19. DIALOGUE: 'It's just a few minutes' - JORDAN and REMBRANDT

JORDAN

It's just a few minutes before the show opens. I've got to go phone my sister, to tell her all about the "Dancers on the Moon"! I'll meet you back here.

REMBRANDT

I'll see you then. Right now I want to take a closer look at your Whistler copy.

(JORDAN exits)

REMBRANDT

Interesting...the sweeping brush strokes...the layering of pigment...the palatine hint of magenta... I wonder...It just might be...It well could be...It does appear to be...I think it is... I'm sure it is...It absolutely is...without a doubt I'm certain that it is. James Abbott McNeil Whistler himself, by his own hand. Let's call DOCTOR FREEMAN, at the Freer.

(REMBRANDT talks on his phone.)

DR FREEMAN?

This is REMBRANDT.

Ah, you remember me!

Thank you.

Well I've come across something I wanted to ask you about. Recall the Whistler self-portrait? The stolen one? Well, it's shown up here at the Las Vegas Student Art Show.

Yes, I'm certain...the sweeping brush strokes...the layering of pigment...the palatine hint of magenta...

You'll change your flight and come right over here?

Thanks.

Goodbye.

(REMBRANDT ends his call to DOCTOR FREEMAN.)

Uh oh. If DOCTOR FREEMAN takes the Whistler, then JORDAN's "Icarus Whistling" is gone. JORDAN won't have an entry.

Ah, of course. I'll call MARTIN.

(REMBRANDT calls MARTIN.)

MARTIN?

Recall your Whistler? In your office?

Well, it's a long story, but could you drop it off here, before your meeting?

Thank you. Thank you very much. Goodbye.

Now I'll go grab some lunch before the show.
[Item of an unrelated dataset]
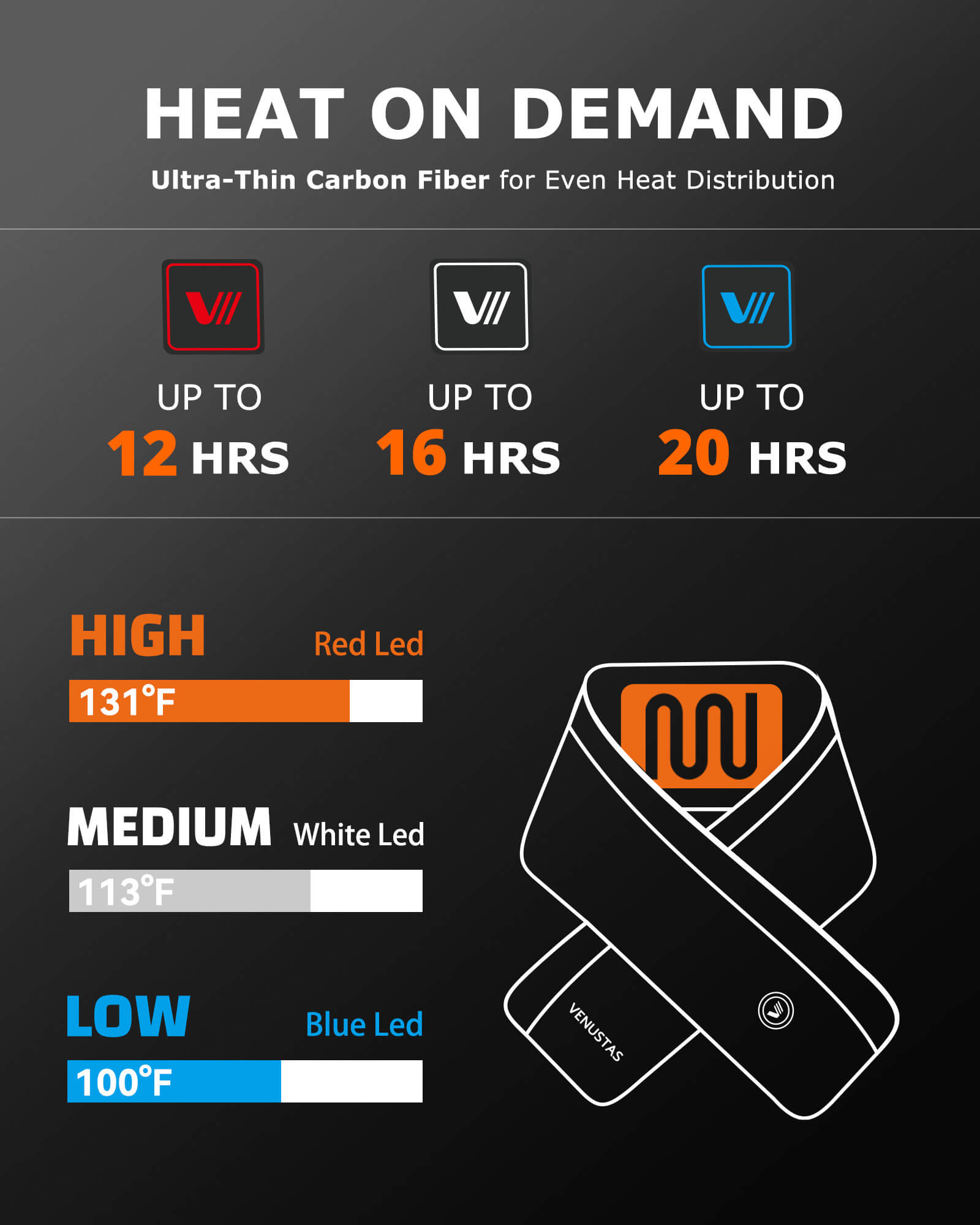 • Premium carbon fiber heating elements target the neck area with three adjustable heat settings (High/Medium/Low). It preheats in seconds, giving you instant relief from the chill.

(REMBRANDT ends his call to MARTIN and exits.)

SCENE 6: THE AUCTION

20. SONG: 'THIS IS IT' - THE STUDENTS

FRIEDRICK

Well, GUNTER, our first number set the stage for the art show. What are we doing now?

GUNTER

Now we set the stage for the auction, FRIEDRICK.

GRETA

We set the stage because we are the chorus.

FRIEDA

We describe how excited all us students are.

FRIEDRICH

And we talk about art. Ready when you are, Mr Pee-ann-ist!

THE STUDENTS


(Verse 1.)

This is it! This is where we go. This is it! This is all we know. This is it! This is what we show. This is it!

(Verse 2.)

This is it! No more lame excuse. This is it! Let them cook our goose. This is it! Turn the wild dogs loose This is it!

(Bridge.)

THE STUDENTS

Now our destination comes in view. And our ship has reached the shore. All the work we've done and the race we've run, now we've reached the open door.

(Verse 3.)

This is it! Now our work is done. This is it! Now let's have some fun. This is it! Greet the rising sun. This is it!

FRIEDA

Do you like abstract paintings, FRIEDRICK? Paintings of squiggles and blobs?

FRIEDRICK

No, FRIEDA. When I see a blob, I just don't know. Is it a good blob? Or a bad blob?

FRIEDA

Just toss a coin, FRIEDRICK! And you will be the expert!

THE STUDENTS

Art is a torment. Art is a trick. Say the wrong thing and you must be a hick.

GRETA

GUNTER, I think artists should do stuff that people can recognize.

GUNTER

Then take a photo, GRETA.

GRETA

Photos show light waves, GUNTER. Paintings show people.

THE STUDENTS

Art is a teaser. Art is a taunt. Don't show that you're nervous, just act nonchalant.


FRIEDA

How do we know if something is art, GRETA?

GRETA

Just remember Marcel Duchamp, FRIEDA: "If the artist says it's art, then it's art".

FRIEDA

But how do we know the artist is an artist? And not just pretending?

GRETA

Simple, FRIEDA. If he's pretending, then his pretense is his art, so he's an artist.

THE STUDENTS

Art is a player. Art is a ploy. You wanted a tool and they gave you a toy.


FRIEDRICK

Some of these paintings seem like a joke, GUNTER.

GUNTER

Don't say that too loud, FRIEDRICK. You might insult the artist!

FRIEDRICK

You can't insult an artist, GUNTER! He'll just smile and say "thank you"!

THE STUDENTS

Art is a juggler. Art is a joke. You planted an acorn, but that's not an oak.

(First tag verse.)

THE STUDENTS

This is it! Now we've run the race. This is it! Now we'll take our place. This is it! Now we'll play our ace. This is it!

(Second tag verse.)

This is it! Let the rockets fly. This is it! Raise the flags on high. This is it! Say our last goodbye. This is it!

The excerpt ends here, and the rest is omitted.